Preoperative symptoms and signs are the main predictors at diagnosis of AA. Abdominal migratory pain, lack of appetite, and vomiting and nausea are the main complaints, and these complaints should be investigated carefully. Right lower quadrant tenderness, rebound, and fever are present in most patients. While tenderness and rebound can be seen in each period of the AA, preoperative fever has been reported to indicate complicated AA. Thus, fever has previously been reported as a predictive factor for morbidity, and our results are consistent with this.7,12
Early diagnosis of AA is important because the possibility of appendix perforation increases as diagnosis delay increases. Delay in appendectomy affects both the possibility of intra-abdominal abscess and postoperative complications.13 However, there are studies indicating that delayed appendectomy does not affect morbidity.14,15 Other studies have shown that early appendectomy reduces the risk of perforation and surgical site infections.16.17 Our findings support the reports of delayed hospital admission increasing morbidity.
Complicated appendicitis is defined as perforated appendicitis, peri-appendicular abscess or peritonitis, which is defined as acute inflammation of the peritoneum secondary to appendiceal infection. These diagnoses are investigated, but may not be identified, by imaging tools such as USG and CT.18 In the present study, the morbidity rate of the complicated group was 46.7% but only 17.5% in the non-complicated group which is in keeping with earlier reports of complicated appendicitis being related to morbidity.5,9,19
Laboratory parameters are useful to confirm diagnosis. The main laboratory findings are increased WBC count, presence of leukocytosis, WBC shift to the left, and increased CRP levels. Leukocytosis and shift of WBC to the left are also Alvarado score parameters. Increased WBC count was a predictor of morbidity in the study of Andert et al.5 and shift of WBC to the left was a predictor in the study of Sheu et al.7, while increased CRP levels was associated with morbidity in several studies.5,8 In contrast, in the present study, no relationship was found between laboratory parameters and morbidity.

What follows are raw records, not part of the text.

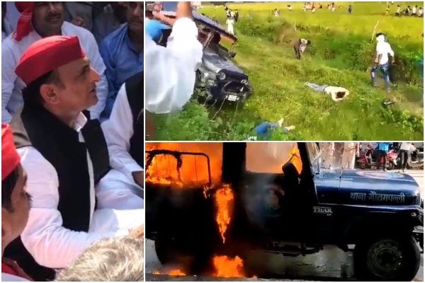 "Vehicles are being run over those who raise their voices. We want the arrest of the minister and his son in the Lakhimpur incident," Akhilesh Yadav said. A police jeep parked in front of the Gautam Palli police station near the place where Akhilesh Yadav sat on a dharna was set on fire allegedly by party workers.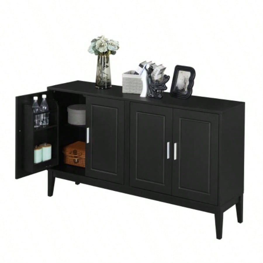 4 - Door Sideboard Storage Cabinet with Door Shelf Living Room and Dining Room, Two Large Cabinets with Adjustable Shelf, Black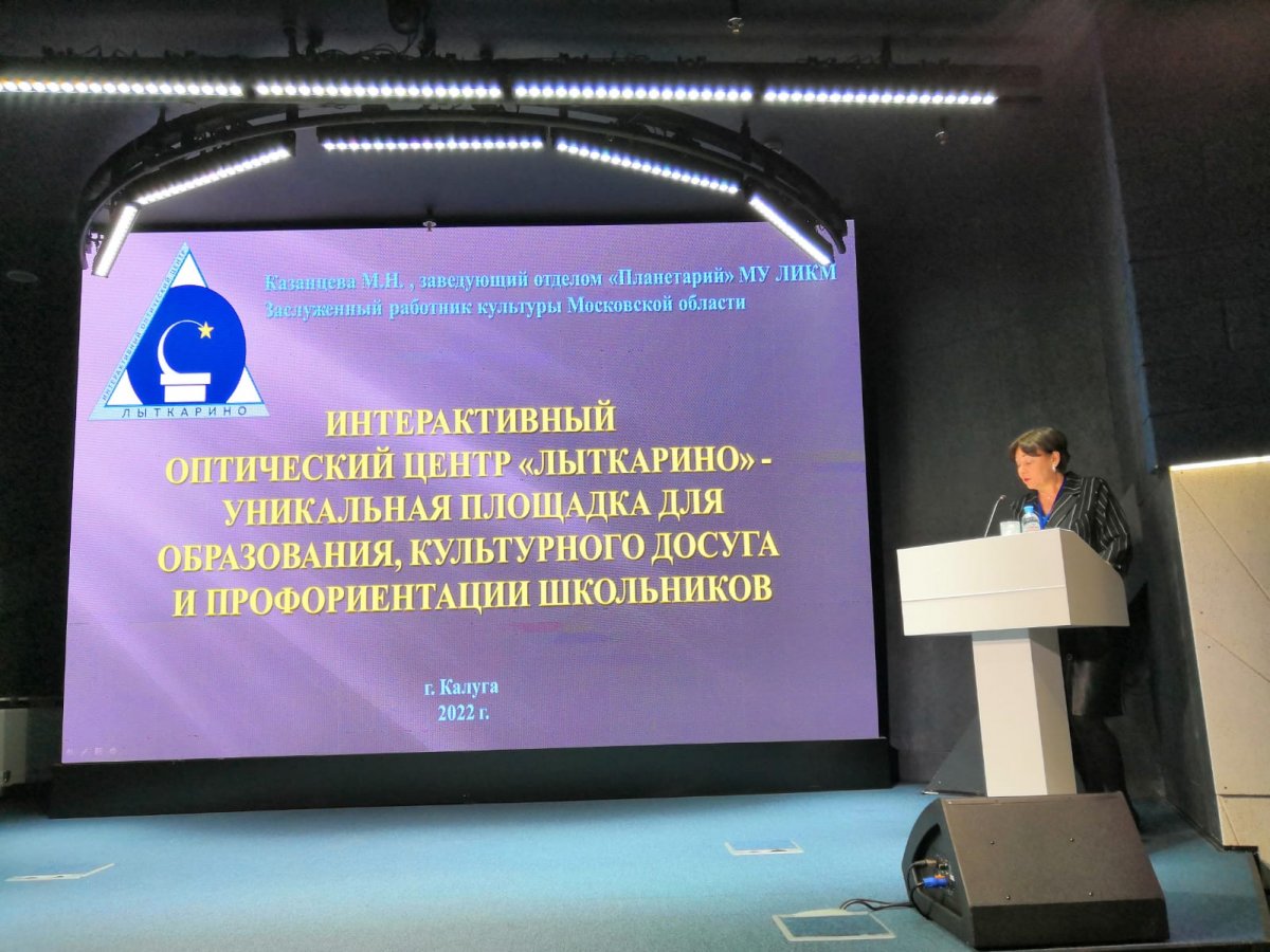 АПР совместно с Международной общественной организацией «Астрономическое общество» являются организатором ежегодной Международной конференции «Школа лекторов планетариев», которая в этом году проходила в Калуге. Школа лекторов планетариев — самая известная и представительная площадка для профессионального сообщества. Заведующая отделом «Планетарий» Лыткаринского историко-краеведческого музея, заслуженный работник культуры Московской области М.Н. Казанцева по приглашению организаторов форума представила доклад «Интерактивный оптический центр «Лыткарино» — уникальная площадка для образования, культурного досуга и профориентации школьников». Доклад вызвал интерес участников конференции, было задано много вопросов по практической части реализации проекта, об организации экскурсионной деятельности и порядке обслуживания центра. Работа Лыткаринского планетария получила положительную оценку коллег.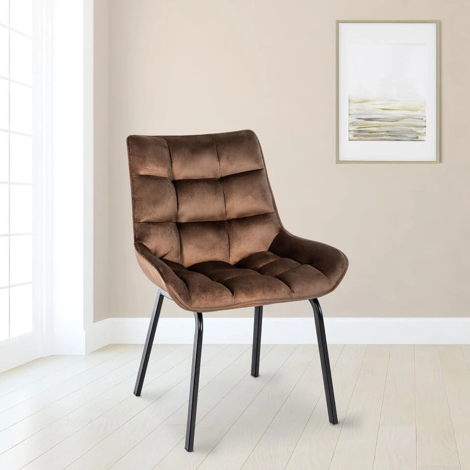 De stoel heeft een royaal gestoffeerde zitting met een stijlvol gewatteerd patroon. Dankzij de bekleding kun je langere tijd comfortabel zitten. Het zitcomfort wordt gecompleteerd door de rugleuning.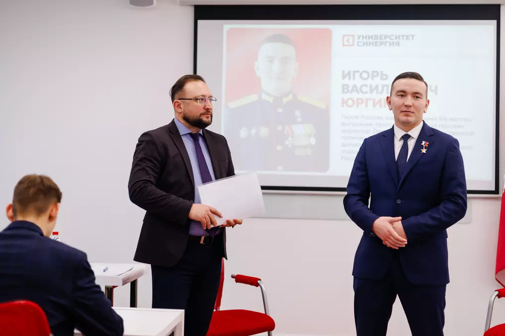 В Университете «Синергия» состоялась встреча студентов с Героем России, кавалером ордена Мужества и двух медалей «За отвагу», ветераном СВО, директором Департамента государственной политики в сфере воспитания Министерства просвещения Игорем Юргиным. Он поделился личным опытом преодоления трудностей и рассказал о важности осознанного выбора жизненного пути.
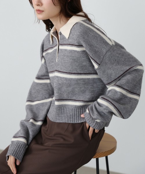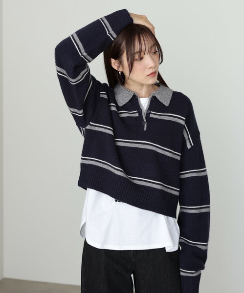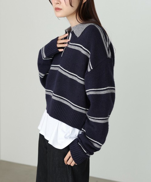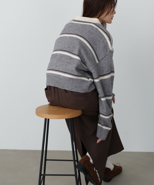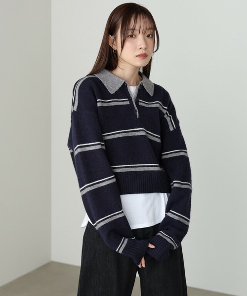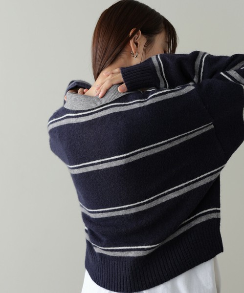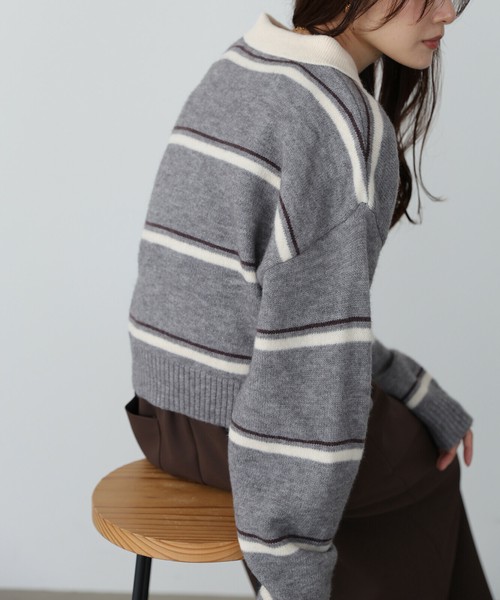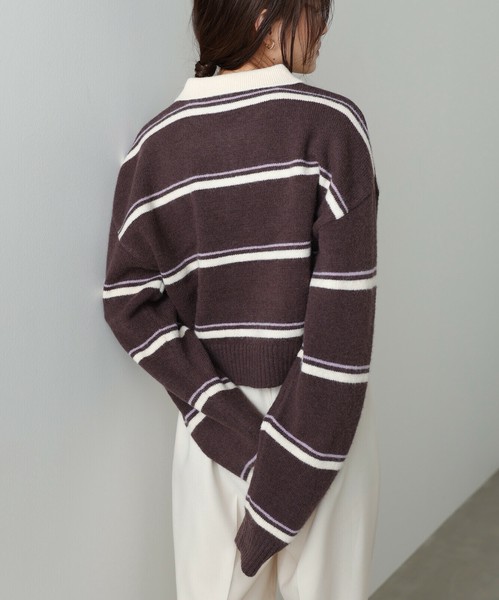 【2025秋冬新作】マルチボーダーポロニット◇柔らかな配色のボーダーが大人かわいい印象に

There is no definite consensus that operative factors affect morbidity. However, many studies have shown that operative factors play a role in morbidity. Open surgery,20,21,22,23,24 conversion to open surgery,5 operation at night,5 and adverse events19 were reported to have a negative effect on morbidity. However, in contrast to this, no operative factor was associated with increased morbidity in this study.
Postoperative factors also play a major role on the occurrence of morbidity. Longer hospital stay,6,8 unsuitable or longer antibiotics usage,6 and severity of pathological findings had a negative effect on morbidity. In our study longer hospital stay was associated with higher morbidity while single antibiotic use had a significant effect on the likelihood of morbidity.
Conclusion
The aim of this study was to analyze risk factors associated with postoperative complications after appendectomy. The overall morbidity rate was 20.2% with no mortality. Preoperative fever, delayed hospital admission, complicated appendicitis, and single antibiotic use all increased morbidity while prolonged hospital stay was associated with morbidity. Although there is no factor increasing the likelihood of morbidity that is amenable to alteration, we recommend the use of combined antibiotics in the treatment of AA patients to reduce morbidity and to discharge the patients as early as possible.